In the records below, find the line with "ISLAMABAD: CDA Workers", then retype it and every following line exactly, stopping after the line with "Pic. 4: AC unit 2016". Leave the pictures out.
··· Supplied records
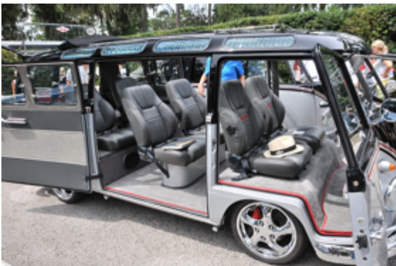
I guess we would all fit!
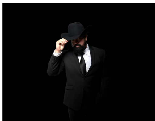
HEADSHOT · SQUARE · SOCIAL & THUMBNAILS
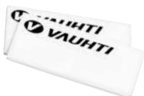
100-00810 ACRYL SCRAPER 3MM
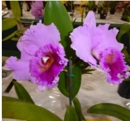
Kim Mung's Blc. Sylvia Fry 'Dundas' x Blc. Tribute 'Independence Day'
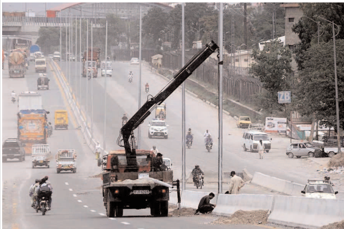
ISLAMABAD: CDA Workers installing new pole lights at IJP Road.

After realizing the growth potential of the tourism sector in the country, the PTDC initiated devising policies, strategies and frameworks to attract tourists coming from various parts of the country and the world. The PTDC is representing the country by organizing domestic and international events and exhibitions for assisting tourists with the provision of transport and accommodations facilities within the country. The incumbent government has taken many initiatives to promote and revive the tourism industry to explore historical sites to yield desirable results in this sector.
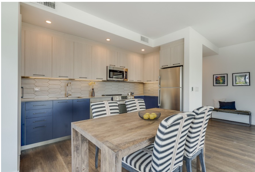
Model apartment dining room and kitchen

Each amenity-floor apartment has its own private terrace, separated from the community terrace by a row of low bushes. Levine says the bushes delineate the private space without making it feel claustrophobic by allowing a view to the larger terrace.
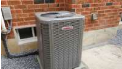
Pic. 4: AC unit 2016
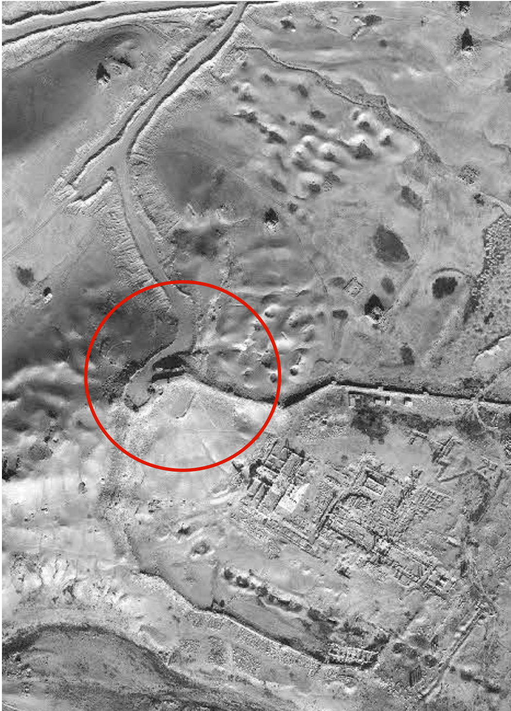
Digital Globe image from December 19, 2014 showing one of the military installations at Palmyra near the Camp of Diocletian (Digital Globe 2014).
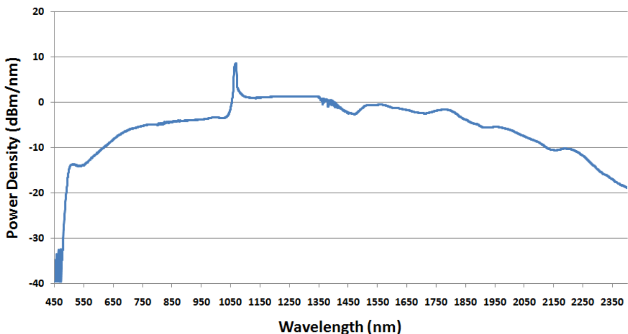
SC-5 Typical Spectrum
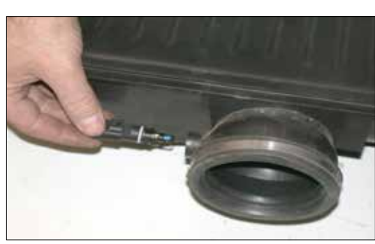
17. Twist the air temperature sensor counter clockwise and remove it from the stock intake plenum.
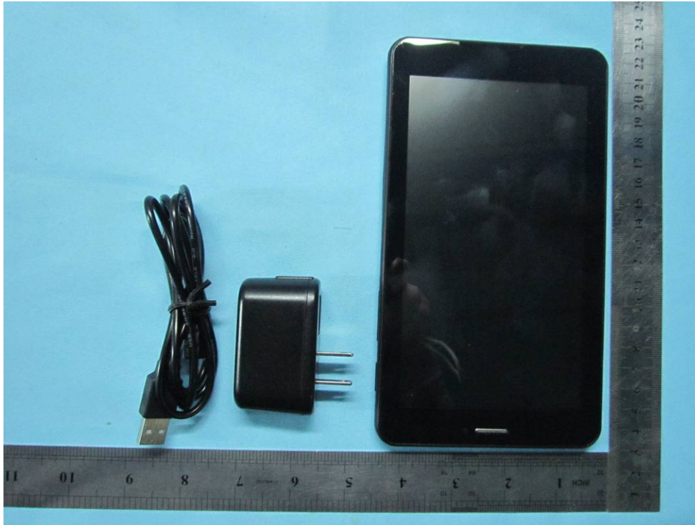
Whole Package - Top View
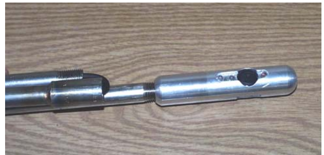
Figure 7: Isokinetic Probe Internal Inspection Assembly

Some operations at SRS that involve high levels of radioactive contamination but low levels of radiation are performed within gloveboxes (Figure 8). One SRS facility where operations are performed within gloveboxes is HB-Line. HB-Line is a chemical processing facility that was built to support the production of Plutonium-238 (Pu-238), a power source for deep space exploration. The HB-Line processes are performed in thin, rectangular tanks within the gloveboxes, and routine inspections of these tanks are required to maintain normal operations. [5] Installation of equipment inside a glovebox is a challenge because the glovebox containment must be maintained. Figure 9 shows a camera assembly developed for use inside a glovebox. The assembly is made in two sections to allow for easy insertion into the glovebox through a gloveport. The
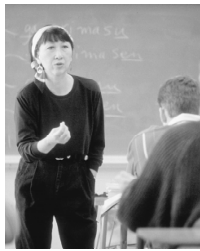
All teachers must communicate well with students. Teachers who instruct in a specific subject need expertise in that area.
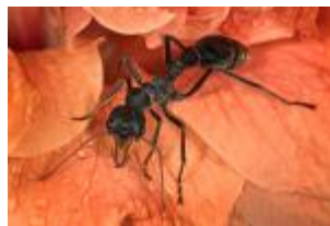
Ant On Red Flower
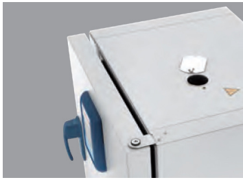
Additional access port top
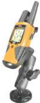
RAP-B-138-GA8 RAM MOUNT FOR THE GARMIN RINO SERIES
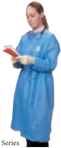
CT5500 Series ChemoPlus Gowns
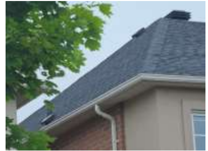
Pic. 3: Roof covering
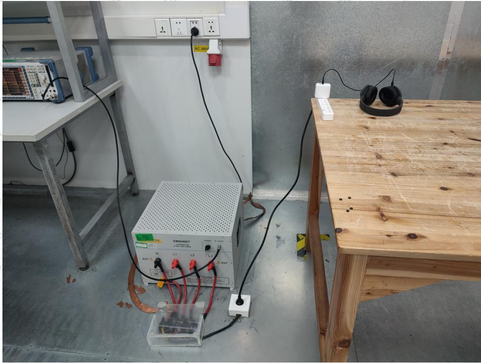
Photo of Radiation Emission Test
······
Output below.
ISLAMABAD: CDA Workers installing new pole lights at IJP Road.

After realizing the growth potential of the tourism sector in the country, the PTDC initiated devising policies, strategies and frameworks to attract tourists coming from various parts of the country and the world. The PTDC is representing the country by organizing domestic and international events and exhibitions for assisting tourists with the provision of transport and accommodations facilities within the country. The incumbent government has taken many initiatives to promote and revive the tourism industry to explore historical sites to yield desirable results in this sector.
Model apartment dining room and kitchen

Each amenity-floor apartment has its own private terrace, separated from the community terrace by a row of low bushes. Levine says the bushes delineate the private space without making it feel claustrophobic by allowing a view to the larger terrace.
Pic. 4: AC unit 2016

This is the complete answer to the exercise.